▸ EXERCISE AIM: As written and without pictures, set down the lines from the one that contains "a namáhání očí." through the end of the data.

Stored items from a collection:

────────────────

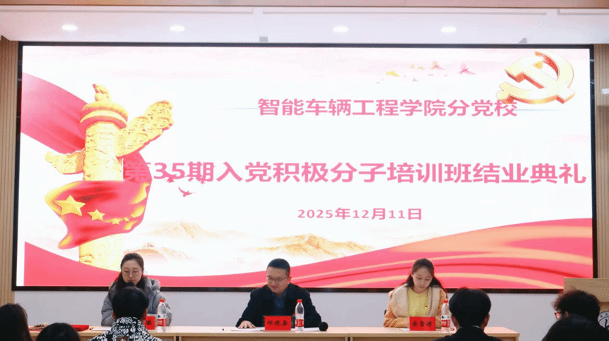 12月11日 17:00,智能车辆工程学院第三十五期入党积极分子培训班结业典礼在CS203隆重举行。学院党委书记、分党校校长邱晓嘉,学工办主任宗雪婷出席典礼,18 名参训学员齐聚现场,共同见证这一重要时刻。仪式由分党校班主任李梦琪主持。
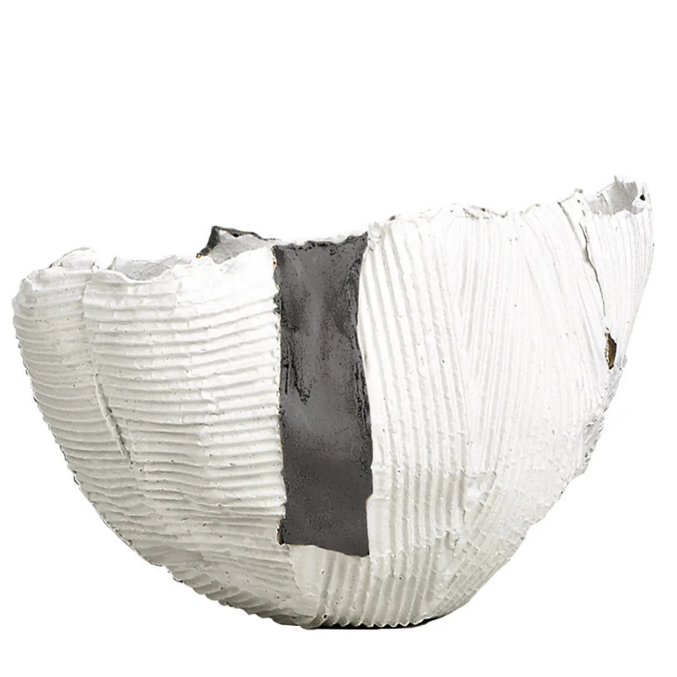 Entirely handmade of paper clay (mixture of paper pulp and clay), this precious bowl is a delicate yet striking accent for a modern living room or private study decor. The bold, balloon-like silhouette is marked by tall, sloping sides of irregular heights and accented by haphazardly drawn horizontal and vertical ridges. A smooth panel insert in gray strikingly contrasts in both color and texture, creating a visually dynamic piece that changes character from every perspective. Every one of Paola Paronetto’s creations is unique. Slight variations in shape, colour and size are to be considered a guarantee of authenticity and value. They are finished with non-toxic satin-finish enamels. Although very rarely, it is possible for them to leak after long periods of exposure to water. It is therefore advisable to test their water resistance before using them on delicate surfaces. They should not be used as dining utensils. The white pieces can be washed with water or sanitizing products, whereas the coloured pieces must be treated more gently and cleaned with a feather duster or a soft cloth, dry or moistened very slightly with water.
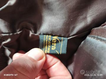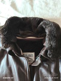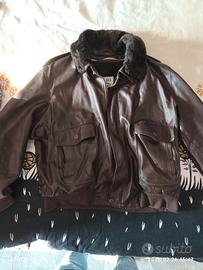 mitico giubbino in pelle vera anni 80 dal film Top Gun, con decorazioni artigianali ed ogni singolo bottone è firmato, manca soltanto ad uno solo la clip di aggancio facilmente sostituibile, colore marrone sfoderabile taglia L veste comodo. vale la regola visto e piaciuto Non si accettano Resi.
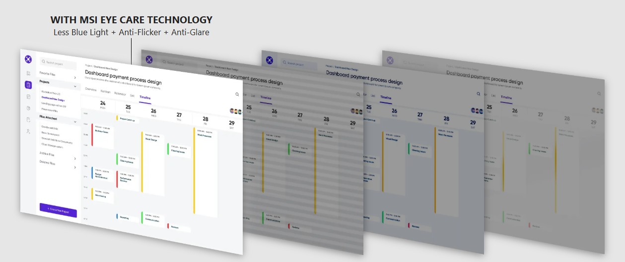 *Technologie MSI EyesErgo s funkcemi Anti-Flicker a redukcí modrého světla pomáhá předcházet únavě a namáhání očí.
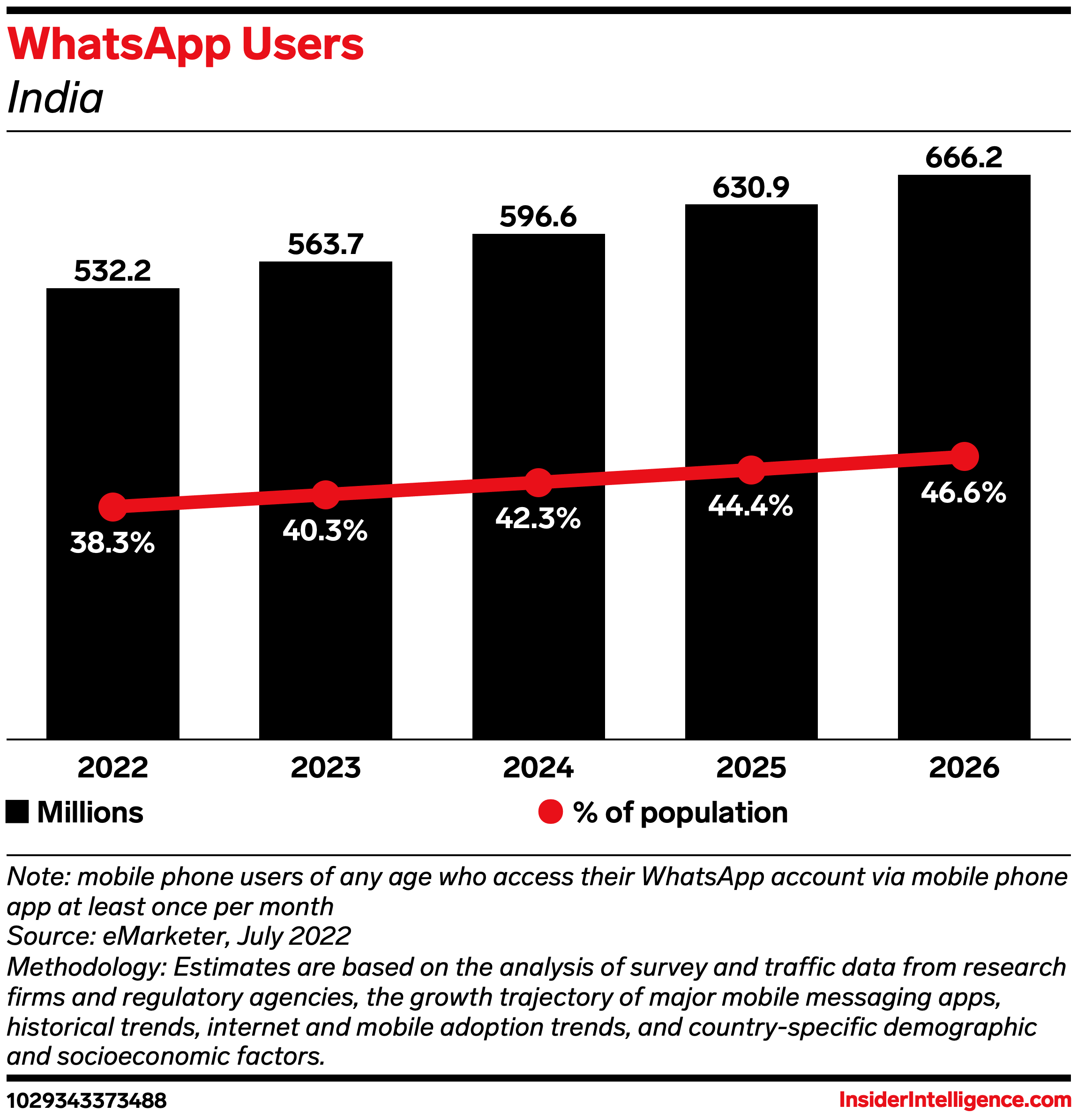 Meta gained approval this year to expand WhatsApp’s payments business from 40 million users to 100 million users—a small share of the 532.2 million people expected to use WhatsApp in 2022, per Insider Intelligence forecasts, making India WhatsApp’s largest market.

────────────────

▸ WORKED SOLUTION:
 *Technologie MSI EyesErgo s funkcemi Anti-Flicker a redukcí modrého světla pomáhá předcházet únavě a namáhání očí.
 Meta gained approval this year to expand WhatsApp’s payments business from 40 million users to 100 million users—a small share of the 532.2 million people expected to use WhatsApp in 2022, per Insider Intelligence forecasts, making India WhatsApp’s largest market.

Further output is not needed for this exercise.